As machadinhas estavam em ordem, afiadas e limpas. O peitoral estava coeso e sem ferrugem. As roupas ainda estavam inteiras, mas ostentando um odor desagradável. O embrulho estava fechado como deixara desde que embarcara. Limpou as garras da manopla e tornou a afiá-las.

A mulher retornou então. Com o rosto limpo, havia água perto das bochechas, havia lavado o rosto. Os olhos estavam vermelhos. Chorara. Decididamente, pensou ele, escolhera as piores palavras para repetir. Problema dela. Percebeu finalmente que ela não se tratava de uma fêmea típica do povo da cidade. O rosto era anguloso, os olhos eram amendoados e as pupilas maiores. Era esbelta e magra, e de alguma forma bem mais graciosa em seus gestos que as demais pessoas. Procurando ver-lhe as orelhas, percebeu do que se tratava. Era uma elfa. O cabelo preso num coque tapava a ponta das orelhas, mas não escondia o formato.
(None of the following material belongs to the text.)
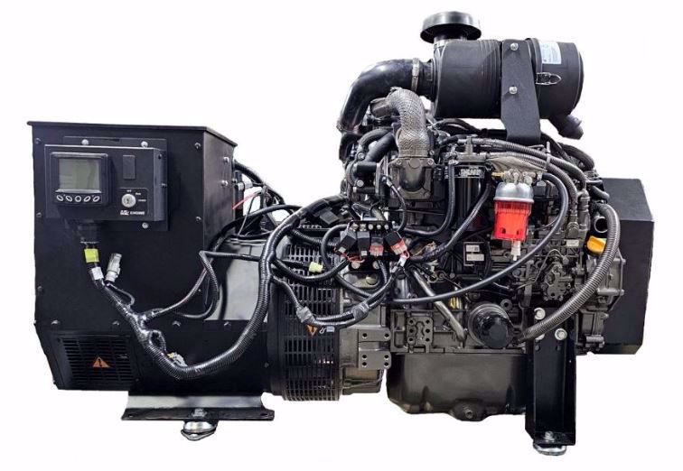 ML30YHKD - Yanmar - Marine Leader - 30KW, 3 Phase Keel Cooled Marine Diesel Generator Set with: Yanmar 4TNV98T Marine T3 1800rpm 4 Cylinder Turbo Charged Diesel Engine, Mechanical Fuel System with Eco Gov, Heavy Duty Marine Brushless Generator End with Marine Coating & Automatic Voltage Regulator, Belt Guard, Exhaust Flange, Air Cleaner, Front Engine Support Legs, Rear Generator Support Legs, Vibration Isolators, LCD Display Full Control Panel, Safety Shutdown System (Low Oil Pressure/High Temp), Oil & Fuel Filters, 12 Volt Electrics, Electric Fuel Pump, Owner's Manual, and Shop Load Bank Tested.
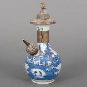 Chinees porseleinen ghendi met blauw-wit decor: figuren en bergdorp, voorzien van BWZG monturen, 19e eeuw -chip met bijbehorende barst-, 29 x Ø 13 cm

Ela removeu um recipiente de madeira de uma bandeja em mãos, e o colocou na frente de Adalon. E emitiu outro som, que ecoou com certo desdém.

Decidindo não arriscar e repetir algo que pudesse causar problemas. Gesticulou para que se afastasse. Ela tornou a repetir o mesmo som. Ele tornou a gesticular. Ela falou novamente, desta vez havia raiva na voz. Talvez ela entendesse que ele também estava com raiva.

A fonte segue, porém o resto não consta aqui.